This is the simplest way to extract data to the database. To create an Extract action, first click on the Extract
menu item, then select the Kinds you want to extract, and click OK. If more than one Kind is chosen, Helium Scraper will figure out by analyzing the HTML structure how to organize the extracted data in rows. Normally, elements that share the same HTML parent node will share the same row in the data table.

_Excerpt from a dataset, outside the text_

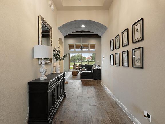 Nestled in the sought-after Cimarron Hills community of Georgetown, TX, this exquisite 3-bedroom, 2.5-bathroom home offers an unparalleled living experience with a seamless one-level layout. Bathed in natural light, the spacious living area features a wall of windows that provides stunning views of the 13th fairway, inviting both serenity and beauty into your everyday life. With soaring beamed ceilings and an open-concept design, the home feels both expansive and welcoming. The chef’s kitchen and living space flow effortlessly together, highlighted by wood-grain ceramic tile flooring that keeps the home cool and stylish. A striking cast-stone, wood-log gas fireplace with a lighter creates a cozy focal point for the living area. The generous primary suite serves as a true retreat, offering high coved ceilings, oversized windows, a luxurious soaking tub, dual vanities, and a distinctive design that adds to the home's charm. The custom-built dresser in the walk-in closet is an added bonus for ultimate organization. Two spacious secondary bedrooms share an updated full bathroom, and a guest half-bath offers convenience for visitors. The third bedroom is versatile, ideal for use as a home office, den, or additional living area. Throughout the home, plantation shutters add both style and privacy. Make your way outside to enjoy the private backyard oasis, complete with a covered patio, outdoor kitchen, BBQ, and ceiling fan—perfect for relaxing and entertaining. A stone pathway leads directly to the gate, offering easy access to the golf course green. Additional amenities include a water softener and a security system, providing peace of mind. This home combines functionality, style, and location in one spectacular package, making it a must-see in Cimarron Hills. Experience the amazing community amenities aside from the golf course such as a pool, sport courts, and clubhouse!

On the next window you can modify various extraction parameters and the structure of the output table. Here is the list of parameters and their functions:
| Id Column Name |
If specified, adds an Id Column to the generated table with the given name. This Id can be then gathered by using the ID_{Table Name} property gatherer to keep rows in different tables related to each other in a coherent way.
| Column Name |
The name of the column in the data table where the data will be extracted.
| Kind Name |
The Kind to be extracted.
| Property |
The Property to be extracted from the selected Kind. Only Extraction Properties will be listed. These properties can be set from the Project -> Options menu item.
| Req. Mode |
Requirement Mode. Determines whether the required amount must be at least or exactly the amount given in the Req. Amount column.
| Req. Amount |
Required Amount. The amount of elements that must be selected. If the requirement is not met, a Message Box will appear.
| Unique |
Causes this column to be the or one of the columns that are used by the Extract action to uniquely identify a row. If more than one Unique column is used, every distinct occurrence of all Unique columns considered together will serve as the row identifier.
This means that a row where Column1's value is A, and Column2's value is B, will be considered as different than a row where Column1's value is A and Column2's value is C, despite the fact that Column1's value is A in both rows.
Whenever a row is about to be extracted, the target table will be queried for a row that matches the Unique columns to be extracted. If found, the row will be updated with the new non Unique values if these are different than the stored ones, or otherwise ignored.
| Download |
If checked, Helium Scraper will try to download the resource at the location given by the value of the selected Property. For example, setting the Property column to SrcAttribute will download the images if the selected Kind selects image elements. The value in the data table will be the name of the downloaded file instead of the value of the selected Property. The Downloads Folder can be set at Project -> Options in the main menu.
| Data Type |
Sets the Data Type of the column to be created. These are the available options:
| Custom DT |
Used when the Data Type field is set to Custom. Let you use any Jet SQL (MS Access) data type. When used, the Max Length field is ignored. Any parameter must be set in the Custom DT field itself.
| Max Length |
Used with theText and Numeric data types. See the Data Type field for details.
If the Simulate option is checked, no extraction will be performed, but information will be stored in the Virtual Tree as normally, except that elements "inserted" in the data table will have a NULL ID.
This action cannot contain child nodes.